A season ago, Christine Luebcke was on the sidelines as Stefanie Smith and Julia Passik won their second doubles match to carry Cardozo to their first PSAL Class A city championship in 15 years. This year, she was on the court alongside Smith, with another city title up for grabs.
Although Smith’s partner was different (Passik was busy winning in first doubles with Nicole Haynal), the result was the same - another clutch, pressure-packed win, resulting in another championship for Cardozo, as they rallied for a 3-2 victory over Stuyvesant Monday at Queens College. “They’re terrific,” Cardozo Coach Neal Baskin said. “Any time you come from behind, it’s exciting.”
Exciting may not have been the word that came to mind for Baskin when Dara Lahens lost a one-set lead and then a 4-3 edge in the final set, to fall to Stuyvesant’s Margarie Krivitski 3-6, 6-2, 6-4, putting Cardozo (16-0) in a 2-1 hole. “Of course I was concerned,” Baskin said. “It meant we had to win both doubles.”
Passik and Haynal breezed past Stuyvesant’s Kerry Weinberg and Kristen Ng 6-2, 6-3, leaving it up to Smith once again, although she didn’t realize the magnitude of her assignment until midway through the opening set of her match. “I saw her (Lahens) go up and shake the girl’s hand, but I didn’t know which way it went,” she said. “But then word spread.”
Much like last year, all the attention was now on Smith (and Luebcke). But after squandering a 5-3 lead in the opening set, Smith, an experienced sophomore, drilled a pair of winners - one backhand, one forehand - to propel the Judges to a 7-5 win in the first set tiebreaker, en route to a straight set victory, 7-6 (7-5), 6-1. “That was the match,” Baskin said. “The whole momentum changed after the tiebreaker.”
“Really nerve-wracking,” is how Smith described it.
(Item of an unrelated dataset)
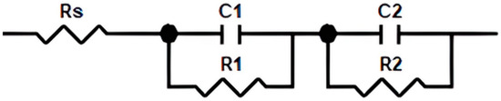 Equivalent circuit modeling, as seen in Figure 1, was utilized to evaluate the fuel cell’s behavior and the ohmic losses, which are illustrated by the resistors described in the model [47,48]. Ohmic losses indicate the internal resistance of the cell, such as the resistance of electrodes, conductive plates, and the ion transport through the membrane. The resistance measurements through the circuit provide information on water management, which is a significant factor in fuel cell operation performance [49,50].

But after another crowning achievement, she said, smiling from ear to ear, “it’s a great feeling.”
Luebcke, who last May as a substitute was busy, giving Smith’s father updates on her cell phone during the final match, started shakily, allowing each mistake to visibly bother her. But, soothed by Smith, “she was like ‘relax, breathe,’ ” Luebcke recalled, she found her rhythm as the match went on, and was solid in the clinching final set. “When they told me we were the deciding match, I was nervous,” Luebcke admitted. “But as the match went on, and we went ahead, I relaxed.”